Step 5: Advanced practice on real-world data Connect to the IMDB database on your system. You can see all available datasets with the command \l You can see the tables in this dataset with the \d command. This dataset has the following tables: ACTOR (id, fname, lname, gender) MOVIE (id, name, year) DIRECTORS (id, fname, lname) CASTS (pid, mid, role) MOVIE_DIRECTORS (did, mid) GENRE (mid, genre) You will be working on queries of varying difficulty on this dataset. If you have not completed (or you feel you need to practice again) step 9 of last week s activity, do so now. Once you are done, continue with the queries on the following page. These are all challenging queries, so we suggest checking your work with the other teams at your table for all of them.

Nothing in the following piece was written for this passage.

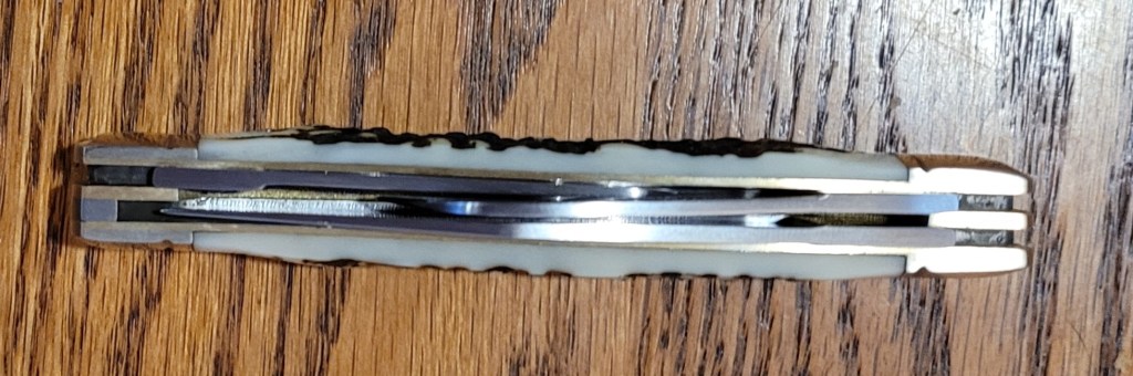 With a 3.25 ” clip point blade and 2.12″ spey and sheepsfoot blades – the little knife has enough blade to handle most any “pocket knife” tasks at hand . . .

* * * Team-to-table * * * 1. List all directors who directed 30 or more thrillers, in descending order of the number of thrillers they directed. Return the directors' names and the number of thriller movies each of them directed. 2. We want to find actors that played five or more roles in the same movie during the year 2015. Notice that CASTS may have occasional duplicates, but we are not interested in these: we want actors that had five or more distinct roles in the same movie in the year 2015. a. Write a query that returns the actors' names, the movie name, and the number of distinct roles that they played in that movie (which will be 5). b. Write a query that returns the actors' names, the movie name, and all the distinct roles (five or more) that the actor played in that movie. 3. [Hard query] For simplicity, the IMDB dataset lists an actor s gender as M or F. (The dataset doesn t provision for non-binary actors, and the questions below are based on this assumption.) a. For each year, count the number of movies in that year that had only female actors. For movies where noone was casted, you can decide whether to consider them female-only or male-only. b. Now make a small change: for each year, report the percentage of movies with only female actors made that year, and also the total number of movies made that year. For example, one answer may be: 1990 31.81 13522 meaning that in 1990 there were 13,522 movies, and 31.81% had only female actors. You do not need to round your answer.

Step 6: Wrapping up Complete steps 8 and 10, and any other steps you may have omitted from the previous week s activity sheet. If you have additional time, work on the harder queries on step 7 of the following page.

Step 7: Harder queries [OPTIONAL] This step is optional. We suggest that you work on it only after you complete all other steps. First, note that these queries are quite complex, and may take a while to run. Think together with your teammates how you can work through them. One possibility is to create a smaller, sample dataset, which can help you write and debug the queries. This can be a bit of a challenge in itself! 1. Which is the film (or films) with the largest cast? Return the movie title and the size of the cast. By "cast size" we mean the number of distinct actors that played in that movie: if an actor played multiple roles, or if the actor is simply listed more than once in CASTS, we still count her/him only once. 2. Which decade has the largest number of films? We consider that a decade is a sequence of any 10 consecutive years. For example 1965, 1966,..., 1974 is a decade, and so is 1967, 1968,..., 1976. 3. How many actors have Bacon number 2? The Bacon number of an actor is the length of the shortest path between the actor and Kevin Bacon in the "coacting" graph. That is, Kevin Bacon has Bacon number 0; all actors who acted in the same film as KB have Bacon number 1; all actors who acted in the same film as some actor with Bacon number 1 have Bacon number 2, etc. To ponder: how can you compute the Bacon number of each actor in the database?